Magdeburg, 27. August 2026. In einer aktuellen Debatte im Stadtrat zum Thema „Dürre und Niedrigwasser in Magdeburg“ hat die Ratsfraktion SPD/Tierschutzallianz/Volt hervorgehoben, dass das aktuelle Niedrigwasser an der Elbe ein deutliches Warnsignal ist.
„Wir erleben nicht einfach nur Niedrigwasser. Die Lage der Elbe zeigt uns in aller Deutlichkeit, dass wir Wasserhaushalt, Klimaanpassung und Flächenpolitik endlich zusammen denken müssen“, erklärt Dr. Niko Zenker, Stadtrat der Ratsfraktion SPD/Tierschutzallianz/Volt. „Die Folgen des Klimawandels sind messbar, sichtbar und längst auch in unserer Stadt angekommen.“
Klimaanpassung ist Daseinsvorsorge
Hitze, Trockenheit und Wasserknappheit belasten insbesondere Menschen, die nur begrenzte Möglichkeiten haben, sich individuell vor den Folgen zu schützen.

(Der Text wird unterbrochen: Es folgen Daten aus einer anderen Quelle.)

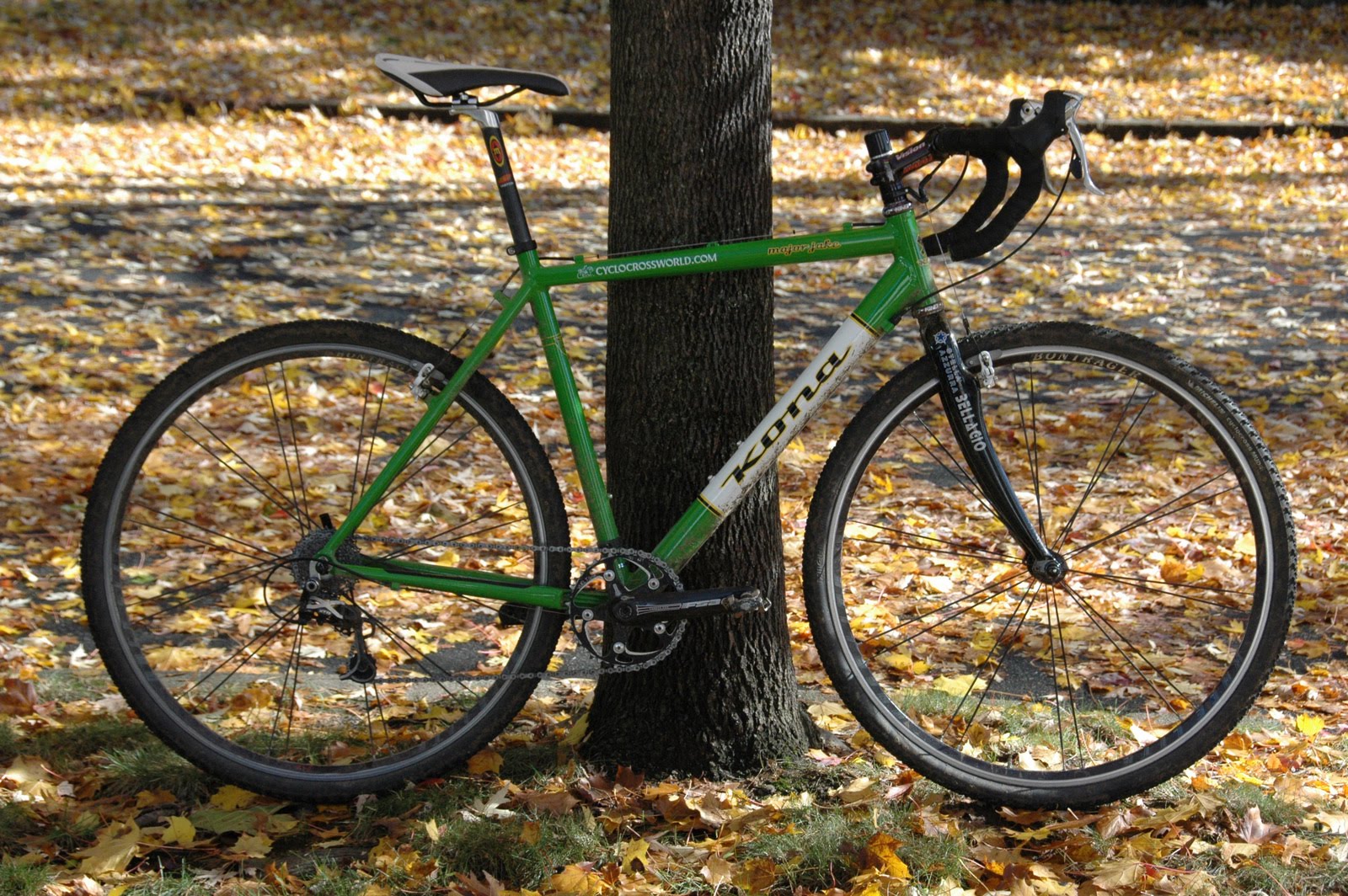 Ultegra 9 shifter is on its last leg, but the FSA isis carbon pro crank spins wonderfully, and the XTR short cage rear will not be defeated. USA-made Vuelta ring hasn’t puked up a chain yet.
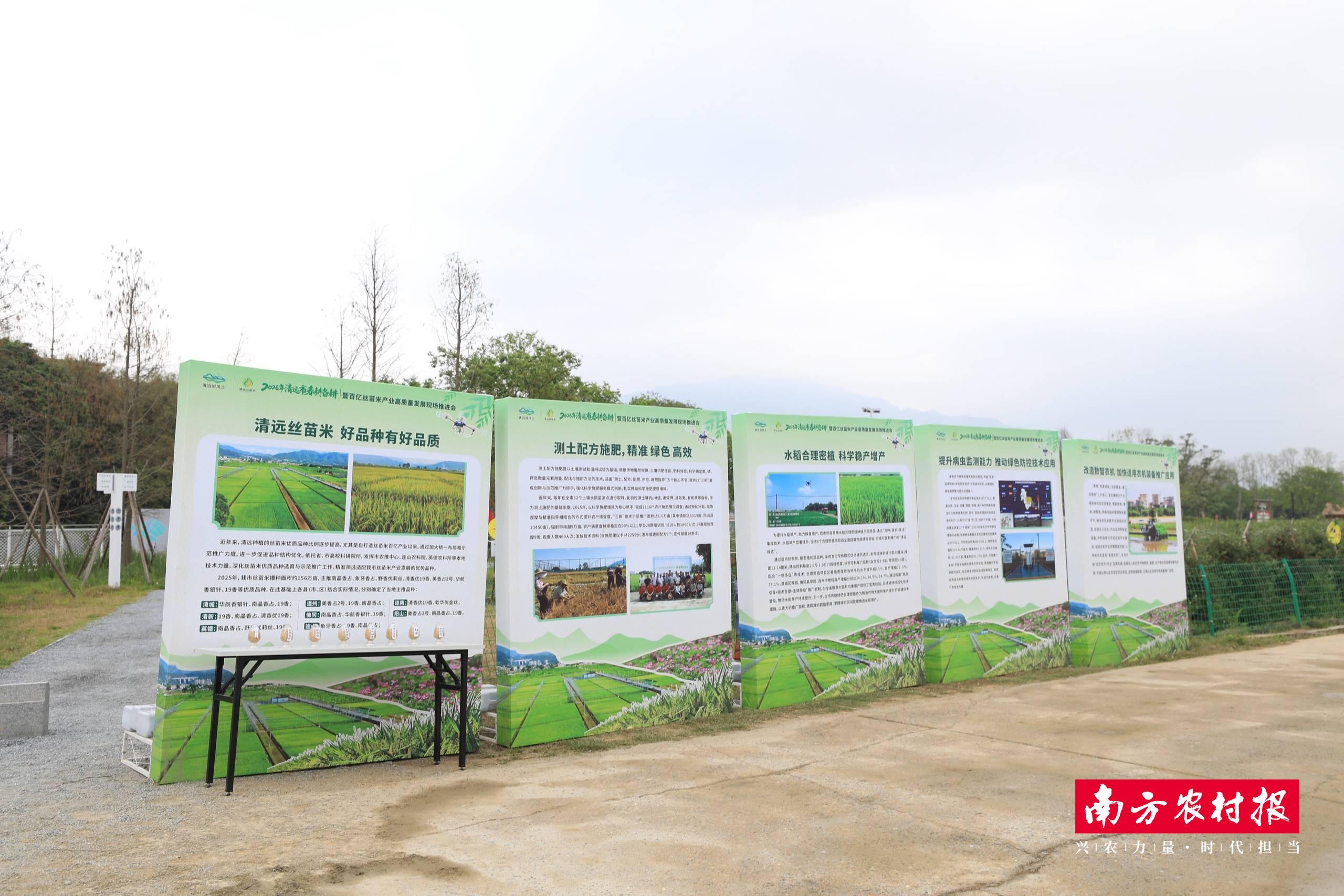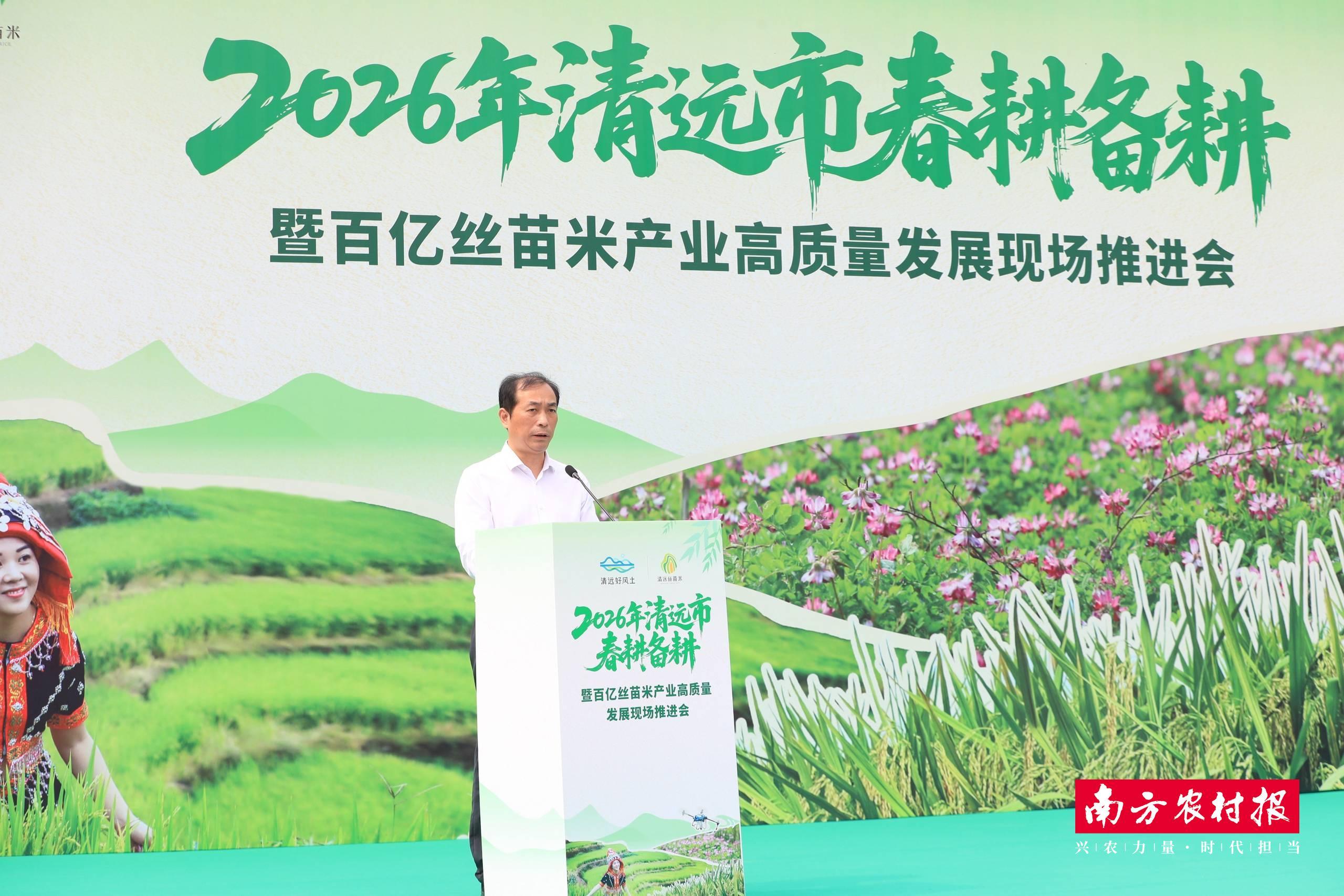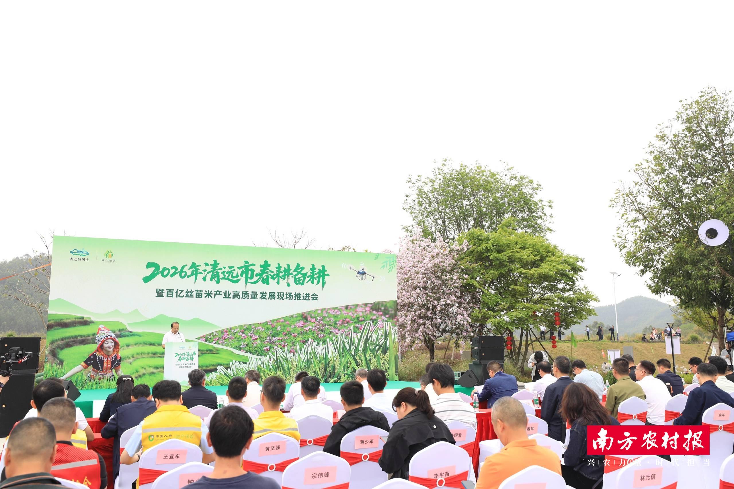 当天,2026年清远市春耕备耕暨百亿丝苗米产业高质量发展现场推进会在这里举行。据介绍,2025年,清远市超额完成省下达任务指标,全市粮食种植面积达226.5万亩,总产量78.2万吨。据悉,清远市2026年计划春耕春种面积达259.77万亩,比上年增加0.85万亩,持续为全年粮食稳产增产奠定坚实基础。
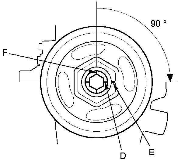 Mark the embossed mark (D) on the bolt flange and the crankshaft pulley (E) as shown, then tighten the bolt an additional 90 ° (The mark on the bolt head should line up with the next embossed mark (F) on the bolt flange).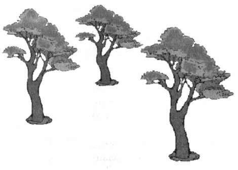8. Сохраните результат работы под именем Дуб в личной папке. Задание 3 1. Откройте файл Природа (Мои документы\5класс\Заготовки). 2. Выделите фрагмент, содержащий сосну. Копируйте выделенный фрагмент. 3. Выполните команду Создать меню Файл. 4. Вставьте фрагмент из буфера обмена (команда Вставить меню Правка). 5. Разместите на экране ещё две копии этого рисунка. 6. Измените с помощью маркеров размеры деревьев так, чтобы находящееся на переднем плане дерево было самым большим, а на заднем — самым маленьким. У вас должна получиться примерно такая картинка: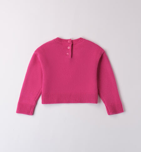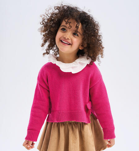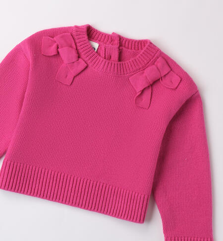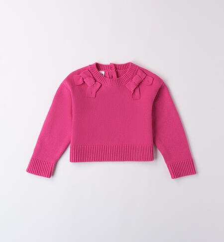 Maglione per bambina iDO 9 mesi – 8anni realizzato in tricot. Il modello presenta apertura sul retro con bottoni ed รจ arricchito davanti da fiocchi in applicazione.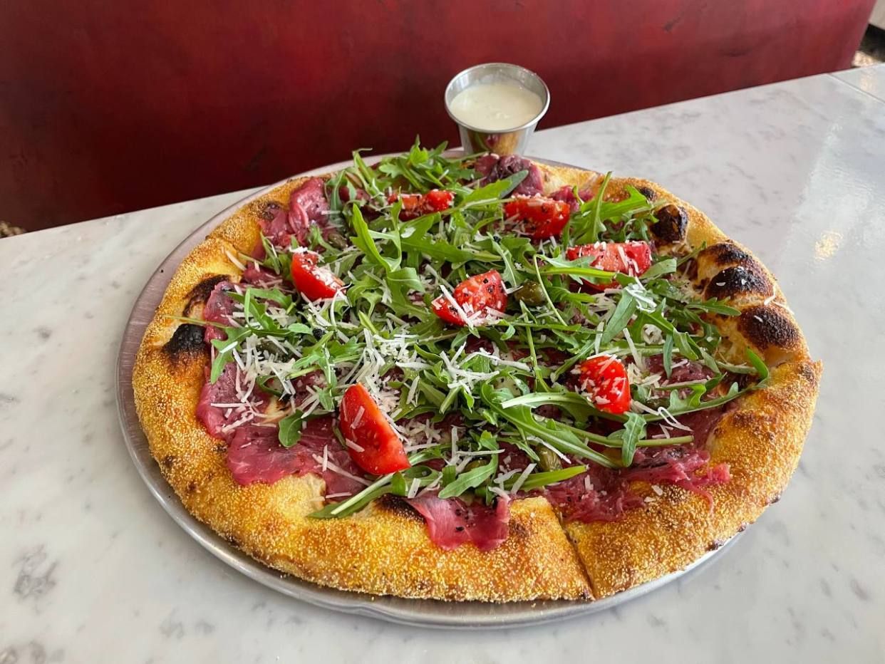 Фірмове тісто для піци з вершковою основою, додаванням мисливських ковбасок, перепелиних яєць та сиру моцарелла. Подається з салатом з чері, руколи та пармезану а також соусом для бортиків

Deshalb braucht Magdeburg mehr Investitionen in Entsiegelung, Stadtgrün, Regenwasserrückhalt und hitzeresiliente Infrastruktur. „Vorsorge ist keine Nebensache. Vorsorge ist soziale Gerechtigkeit“, so Dr. Niko Zenker.
Wasser kennt keine Stadtgrenzen
Die Ratsfraktion SPD/Tierschutzallianz/Volt spricht sich gleichzeitig für eine engere Zusammenarbeit mit dem Land Sachsen-Anhalt, den Nachbarkommunen und europäischen Städten aus. Städte in anderen Ländern setzen bereits auf Schwammstadt-Prinzipien, digitale Messsysteme und modernes Regenwassermanagement. Magdeburg muss von diesen Erfahrungen lernen und stärker mit anderen Städten entlang großer Flusssysteme kooperieren.
Konkrete Maßnahmen für Magdeburg
Die aktuelle Niedrigwassersituation muss deshalb ein Anlass sein, die Klimaanpassung in Magdeburg konsequent voranzutreiben – nicht erst dann, wenn die nächste Dürre bereits eintritt.
„Magdeburg braucht jetzt keine weiteren Ankündigungen, sondern entschlossenes Handeln. Wenn wir die Entwicklung ernst nehmen, müssen wir heute die Maßnahmen auf den Weg bringen, die unsere Stadt morgen widerstandsfähiger machen“, betont Dr. Niko Zenker.